Здесь налицо сугубо патриархальная идеология. Такая модель весьма универсальна и, так или иначе, проступает в любой философии, признающей божественное участие в создании или организации космоса. Неоплатоники, в общем и целом придерживались схемы платонова «Парменида», каждый по-своему комментировали восемь онтологических гипотез об эманациях «сверхсущего первоединого» в «ином». Четыре гипотезы структурируют космос с учётом этого «первоединого», другие четыре – при отрицании оного. Итак: «первоединое» «ум» (интеллект), «душа», «материальные эйдосы» (эйдетическая материя). Таковы эманации «первоединого» на пути в «иное». Понятно, как надо расценивать «иное»: это все более стойкое сопротивление «формирующему свету», плотность материи, все менее жаждущей эйдосов, тьма, хаос. В известном смысле (ибо подобные сравнения требуют осторожности) неоплатонизм напоминает индийскую систему «санкхья», пожалуй, уступая оной в категоричности.

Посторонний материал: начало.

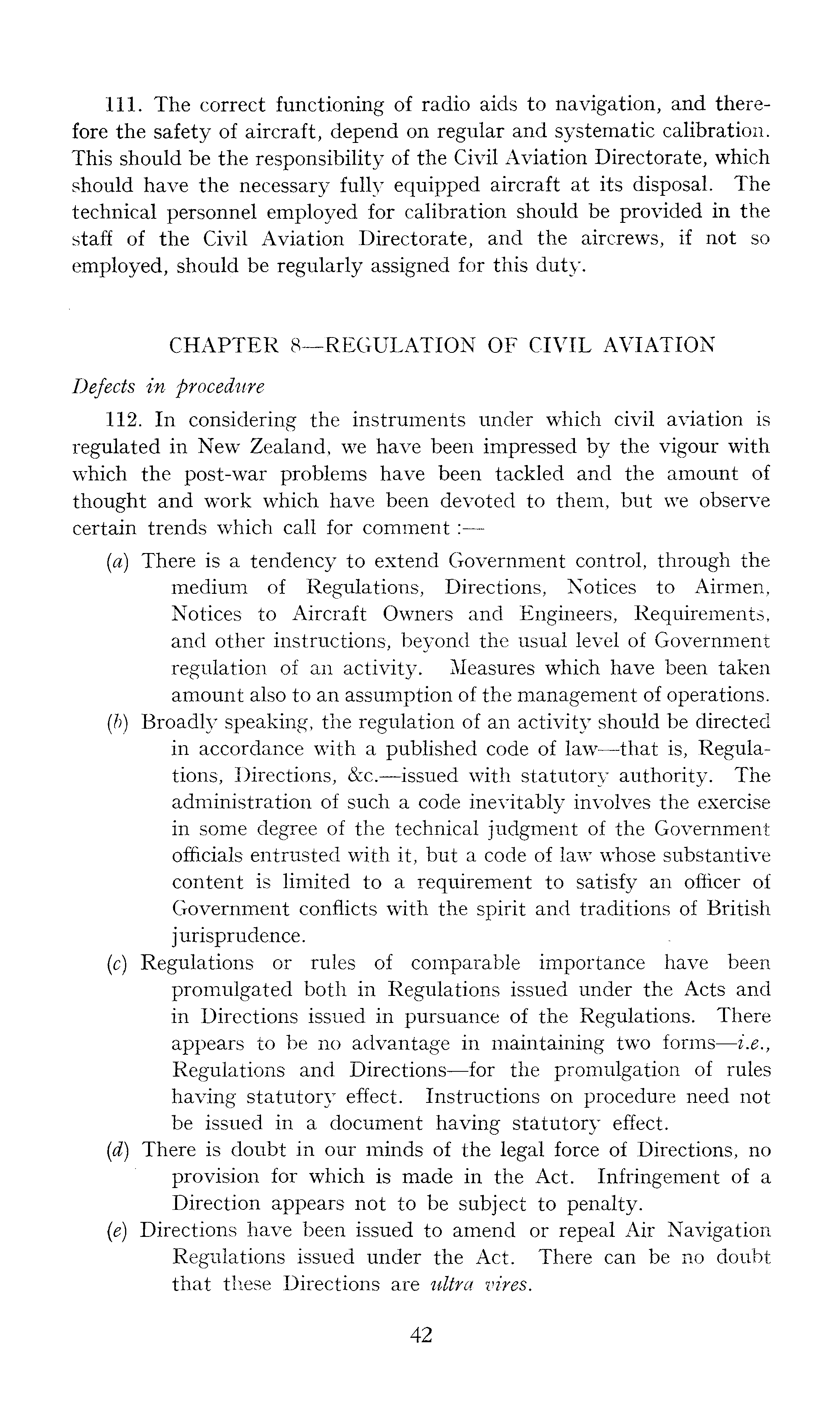 111. The correct functioning of radio aids to navigation, and therefore the safety of aircraft, depend on regular and systematic calibration. This should be the responsibility of the Civil Aviation Directorate, which should have the necessary fully equipped aircraft at its disposal. The technical personnel employed for calibration should be provided in the staff of the Civil Aviation Directorate, and the aircrews, if not so employed, should be regularly assigned for this duty. CHAPTER B—REGULATION OF CIVIL AVIATION Defects in procedure 112. In considering the instruments under which civil aviation is regulated in New Zealand, we have been impressed by the vigour with which the post-war problems have been tackled and the amount of thought and work which have been devoted to them, but we observe certain trends which call for comment: — (a) There is a tendency to extend Government control, through the medium of Regulations, Directions, Notices to Airmen, Notices to Aircraft Owners and Engineers, Requirements, and other instructions, beyond the usual level of Government regulation of an activity. Measures which have been taken amount also to an assumption of the management of operations. (b) Broadly speaking, the regulation of an activity should be directed in accordance with a published code of law —that is, Regulations, Directions, &c. —issued with statutory authority. The administration of such a code inevitably involves the exercise in some degree of the technical judgment of the Government officials entrusted with it, but a code of law whose substantive content is limited to a requirement to satisfy an officer of Government conflicts with the spirit and traditions of British jurisprudence. (c) Regulations or rules of comparable importance have been promulgated both in Regulations issued under the Acts and in Directions issued in pursuance of the Regulations. There appears to be no advantage in maintaining two forms—i.e., Regulations and Directions —for the promulgation of rules having statutory effect. Instructions on procedure need not be issued in a document having statutory effect. (d) There is doubt in our minds of the legal force of Directions, no provision for which is made in the Act. Infringement of a Direction appears not to be subject to penalty. (e) Directions have been issued to amend or repeal Air Navigation Regulations issued under the Act. There can be no doubt that these Directions are ultra vires.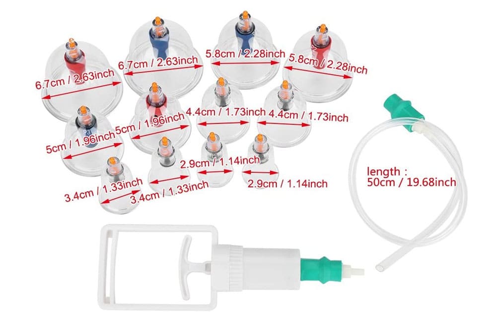 Las Ventosas Chinas Pistola De Vacío X 12 Set Copas con Pistola son ideales para mejorar la tensión muscular y estimular la circulación sanguínea.

Pracriti – первичная субстанция – тотальна, её двадцать четыре модификации (tattwas) создают манифестированный мир. Даже buddhi (чистый интеллект) не более чем модификация pracriti. Но любые эти реальности, как материальные, так и психические, совершенно иллюзорны до участия purusha. Это начало (двадцать пятая, независимая tattwa) мыслится мужским, но трансцендентально мужским, весьма отдалённо напоминающим «сверхсущее первоединое». Purusha не сопричастен бесконечно изменчивым творениям pracriti, от purusha не исходят сперматические эманации, к нему возможно приобщиться лишь на пути активного познания. В системе «санкхья» обычный мужской принцип считается лунным и получает свет и жизнь от женского, интенсивно-солнечного. Женщина заставляет биться мужское сердце, объекты побуждают мужской разум к изучению своих беспрерывных изменений, не даваясь в сеть мужских фиксированных понятий.
***
Несмотря на те или иные аналогии, неоплатонизм и санкхья резко отличаются в трактовке материи, хотя позиции удивительно схожи: неоплатоники не желают познавать материю, ибо «там нечего познавать», философы санкхья уклоняются от изучения материи, поскольку она жива, интеллектуальна и – более того – даёт свет темному разуму человеческому. Действительно: каким образом луна может познавать солнце? Напротив, надо подготовить душу и разум, усвоить законы восприятия – и тогда pracriti, возможно, доверит кое-что…материалисту. Но человек духа должен искать purusha, метафизический принцип бытия, дабы выйти из сонма иллюзий навстречу истинной реальности. Отсюда пассивность по отношению к внешнему миру и уклонение от познавательно-прогрессивных обязанностей. Надо поначалу, посредством суровой, иногда жестокой мистической практики, выйти из перипетий и переплетений метаморфоз pracriti, а затем уже…думать.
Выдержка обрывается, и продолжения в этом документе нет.